I'm not sure how to cite talking to Canadian citizens (my customers)that I've spoken to at length after seeing this movie. The general consensus is it's great if you need to go get a presciption for something simple, but if you have anything seriously wrong with you you will very likely have a long wait. I have been told by ever Canadian customer I've asked about it that they are getting rid of their national health care because of problems like that AND abuse of the system - like people going to the doctor for every little sniffle.

My husband's ex-aunt had breast cancer and was told she'd have to wait 6 months before she could get in for chemo. She came to the U.S. and paid for her care and she's still alive.

And has anyone considered that we DO have socialized medicine here in the U.S.? It's called medicare and medicaid. My stepdad has had to look into this: http://kidney.niddk.nih.gov/kudiseases/pubs/financialhelp/
In a country where even our illegal immigrants get basic medical care, I fail to see where there is this huge medical crisis.

Anonymous said...

OK, I'm not an expert on, this, nor do I even have much to offer in the way of anecdotal evidence, but for the moment I'll note that one of the best bloggers on this is Ezra Klein. His many posts on the subject (with links to data from studies comparing U.S. to Canada, France, and other countries) are collected here.

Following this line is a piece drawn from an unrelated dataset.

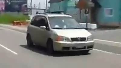 这是玩命啊 实拍疯狂轿车倒车上路行驶

The main points to be gained from all this: Canada's system is problematic, but overall, as well cheaper, than the U.S.'s, and that there are other countries such as France and Germany with systems that are much superior than Canada's.

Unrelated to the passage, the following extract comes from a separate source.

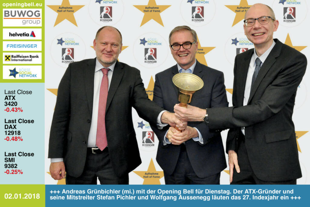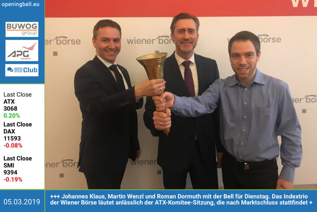 5.3.: Johannes Klaus, Martin Wenzl und Roman Dormuth mit der Opening Bell für Dienstag. Das Indextrio der Wiener Börse läutet anlässlich der ATX-Komitee-Sitzung, die heute nach Marktschluss stattfinden wird http://www.wienerborse.at https://www.facebook.com/groups/GeldanlageNetwork

Also I still think this 2006 article by economist Paul Krugman from the New York Review of Books, is about the most thoughtful thing I've seen on the subject.

It's possible that I'll come back later with a point-by-point response, if the mood strikes me, but in any case there are plenty of fine liberal political and economics blogs where people more knowledgeable than me will be happy to get deep into this with you, if you're interested.

Anonymous said...

make that "overall, superior to, as well as cheaper than...

Anonymous said...

Sorry, I should really look through all the sources instead of posting piecemeal like this, but... I'm thinking that angry bear is actually a better blog for this topic than Ezra's. Links to relevant post are at the top of the left column, under "The U.S. Healthcare System."